I assembled a team. My OB. My dermatologist. My naturopathic doctor. Together, we ran a thorough panel of

labs that included hormones, thyroid, iron, ferritin, Vitamin D, and zinc.

Everything came back within a healthy range.

And yet my hair was still thinning.

That’s the part that trips most women up. We expect the labs to show something. When they don’t, we assume we’re imagining it, or we accept “you look fine” as an answer.

I want to say clearly: normal does not always mean optimal. And a normal lab result is not the end of the investigation.

So we kept going. My dermatologist recommended a scalp biopsy. The result was clear: androgenetic alopecia, female pattern hair loss driven by hormonal shifts and follicle sensitivity to a hormone called DHT (dihydrotestosterone). DHT is a potent androgen that, when it binds to hair follicle receptors, triggers a gradual shrinking of the follicle — producing thinner, shorter hair with every growth cycle until, in some cases, the follicle stops producing hair altogether.

That clarity changed everything.

What Is Actually Happening in Your Body

For most of your adult life, estrogen has been quietly protecting your hair. It keeps hair in the growth phase longer. Progesterone helps block the enzyme that converts testosterone into DHT, keeping that follicle-shrinking process in check.

After menopause, estrogen and progesterone decline. Even if your testosterone levels stay exactly the same, the hormonal balance shifts. DHT now has a stronger influence at the follicle level. If your follicles are genetically sensitive to it — and many are — they gradually shrink with each growth cycle, producing thinner, shorter hair over time.

This is not about having too much testosterone. It is about follicle sensitivity in a lower-estrogen environment. And here is the part that catches most women completely off guard: the majority of women experiencing menopausal hair loss have perfectly normal lab results. The problem is not always in the numbers. It is in the ratio. It is in the sensitivity. It is in what the body does with what it has.

Normal does not always mean optimal.

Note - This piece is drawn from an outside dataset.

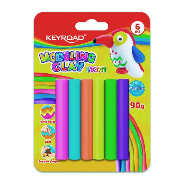 Plastelína KEYROAD neónová, blister 6 ks, mix farieb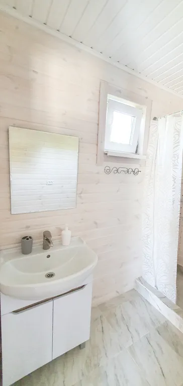 Наши домики оснащены всем необходимым: кухня, чайник, микроволновка, холодильник, ТВ, постельное бельё, полотенца, туалетные принадлежности, терраса.

A normal lab result is not the end of the investigation — it is the beginning of a better question.

Hair health is also downstream of metabolic health. The work we do inside NOURISH around protein, blood sugar, fats, and inflammation is not separate from conversations like this one. It is all connected. The follicle does not live in isolation from the rest of the body.

Before assuming a hormonal cause, it is important to rule out other common drivers: thyroid dysfunction (a thorough panel, not just TSH), low ferritin, Vitamin D deficiency, zinc insufficiency, and inadequate protein intake. Hair is made of keratin — a protein. When the body does not have enough, hair production is not a priority. These are the first questions worth asking, and they are often the most overlooked.

What I Am Doing About It

I want to be transparent about my protocol—not as a prescription for you, but as an informed example of what thoughtful, collaborative care looks like.

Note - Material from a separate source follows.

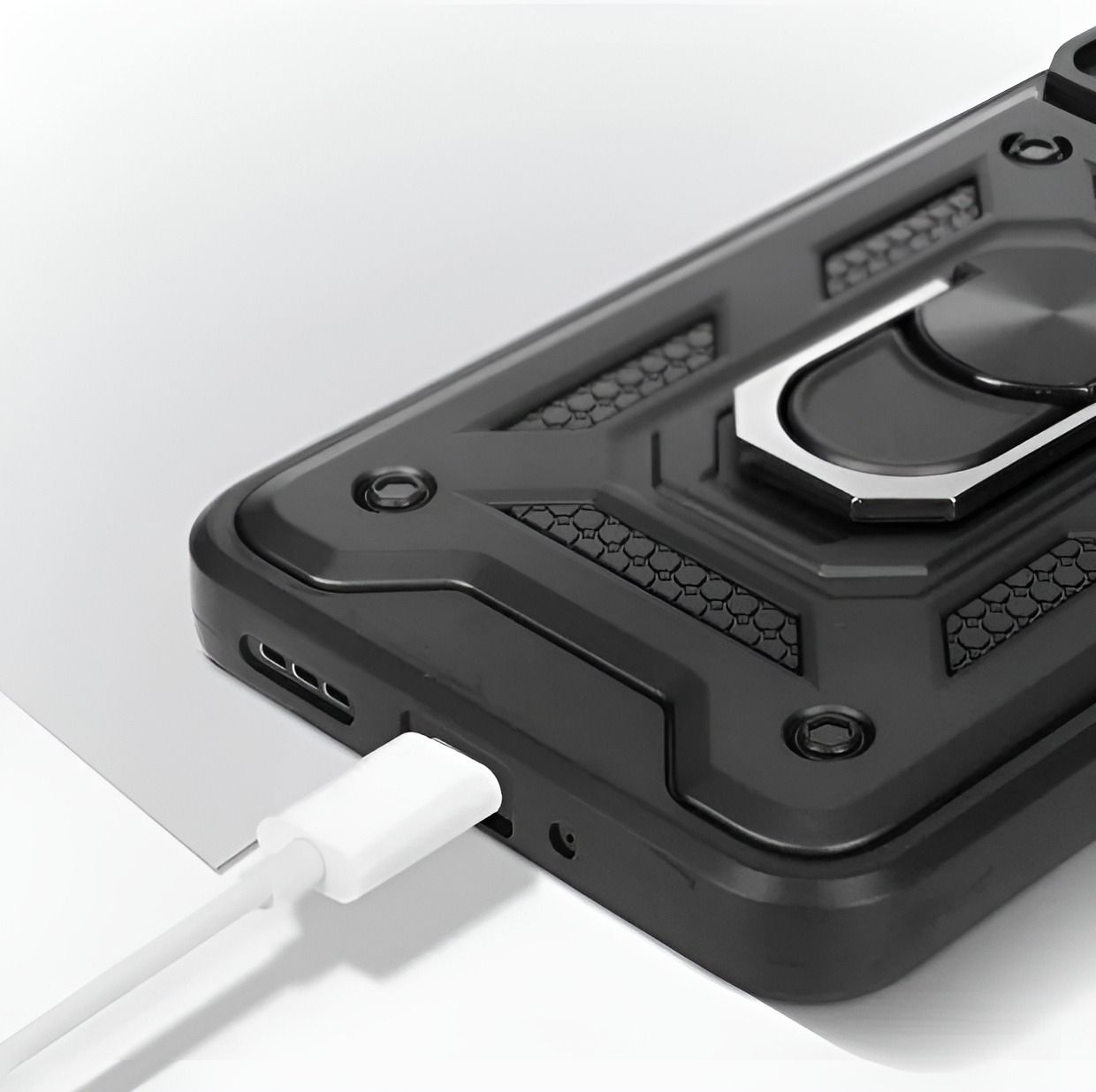 Гнучка силіконова панель має жорсткий металізований корпус та кільце-підставку для пальця. Чохол здатний витримати навіть сильні удари та подряпини.

Blocking DHT — the root driver of my hair loss.
To stop the shedding, I needed to reduce DHT’s impact on my follicles. There are two ways I landed on as my options to do this: a prescription medication called finasteride or a natural supplement called Formula 6 by EndoAxis that delivers many of the same benefits through botanical ingredients like saw palmetto, reishi, and stinging nettle.

Finasteride works by blocking the enzyme that converts testosterone into DHT. Less DHT means less follicle miniaturization: simple mechanism, meaningful evidence.

My naturopathic doctor presented both options. I chose finasteride — one pill, once a day. Formula 6 requires three capsules daily with meals, and for me, simplicity wins when it comes to building a consistent routine. If you prefer a natural route, Formula 6 is a legitimate option worth discussing with your practitioner.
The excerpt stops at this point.